I was going through the edge classification section by $$\text{DFS}$$ algorithm on an undirected graph from the text Introduction to Algorithms by Cormen et. al. where I came across the following proof. I was having a little difficulty in understanding the steps of the proof and hence I made an attempt to understand it fully by accompanying each statement in the proof with a possible graph of the situation.

Theorem 22.10 : In a depth-first search of an un-directed graph $$G$$, every edge of $$G$$ is either a tree edge or a back edge.

Proof:

1. Let $$(u , v)$$ be an arbitrary edge of $$G$$, and suppose without loss of generality that $$d[u] < d[v]$$. Then, $$v$$ must be discovered and finished before we finish $$u$$ (while $$u$$ is gray), since $$v$$ is on $$u$$‘s adjacency list.

2. If the edge $$(u, v)$$ is explored first in the direction from $$u$$ to $$v$$ , then $$v$$ is undiscovered (white) until that time. Figure 1 : Situation in point 2. DFS starts from ‘u’, ‘u’ is grayed and DFS then looks along the red arrow to ‘v’

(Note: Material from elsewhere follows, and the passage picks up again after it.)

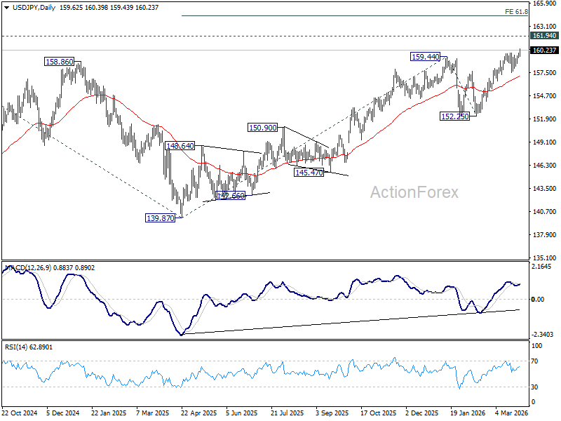 USD/JPY’s rally from 152.25 resumed by breaking through 159.88 resistance last week. Initial bias remains on the upside and further rise should be seen to retest 161.94 high next. On the downside, below 159.35 minor support will turn intraday bias neutral first. But near term outlook will stay bullish as long as 157.49 support holds, in case of retreat.
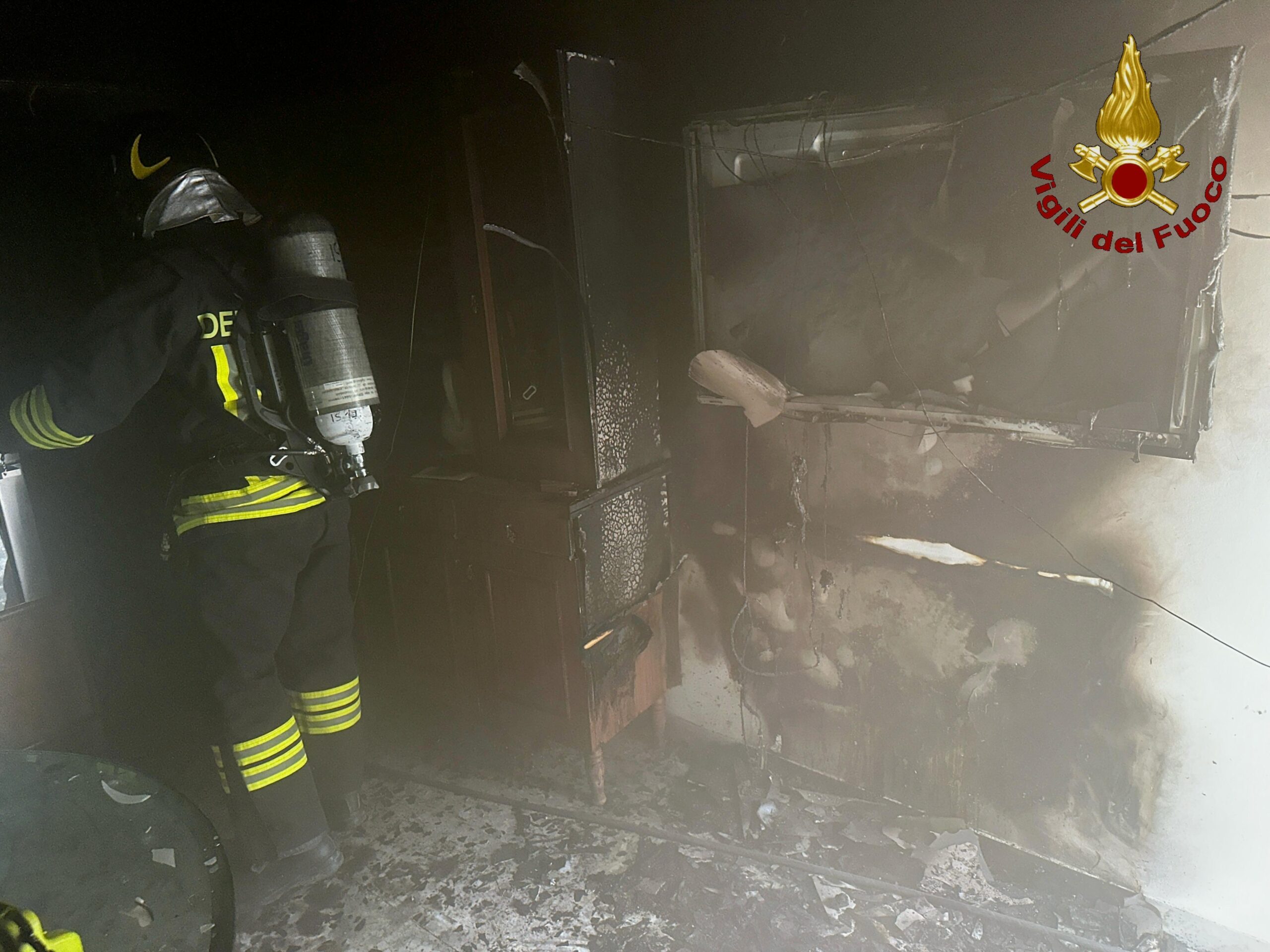 Le fiamme, con ogni probabilità causate da un corto circuito partito da un televisore, si sono sviluppate nella cucina dell’appartamento, fortunatamente senza espandersi ad altre zone della casa.

1. Otherwise we would have explored this edge already in the direction from $$v$$ to $$u$$. Thus, $$(u, v)$$ becomes a tree edge. Figure 2 : Situation in point 3. DFS starts from ‘u’, ‘u’ is grayed, then discoveres ‘w’ and ‘w’ is grayed and then again discovers ‘v’ DFS then looks along the red arrow to ‘u’ , the green pointer explains the rest

1. If $$(u, v)$$ is explored first in the direction from $$v$$ to $$u$$, then $$(u, v)$$ is a back edge, since $$u$$ is still gray at the time the edge is first explored. Figure 3 : Situation in point 4. DFS starts from ‘u’, ‘u’ is grayed, then discoveres ‘w’ and ‘w’ is grayed and then again discovers ‘v’ DFS then looks along the red arrow to ‘u’ , ‘u’ is already grayed so the edge becomes a back edge, indicated by the green pointer

Could anyone confirm if I am on the right track or if not please rectify me.

[My question might seem similar to this or this but neither of them seemed to help me]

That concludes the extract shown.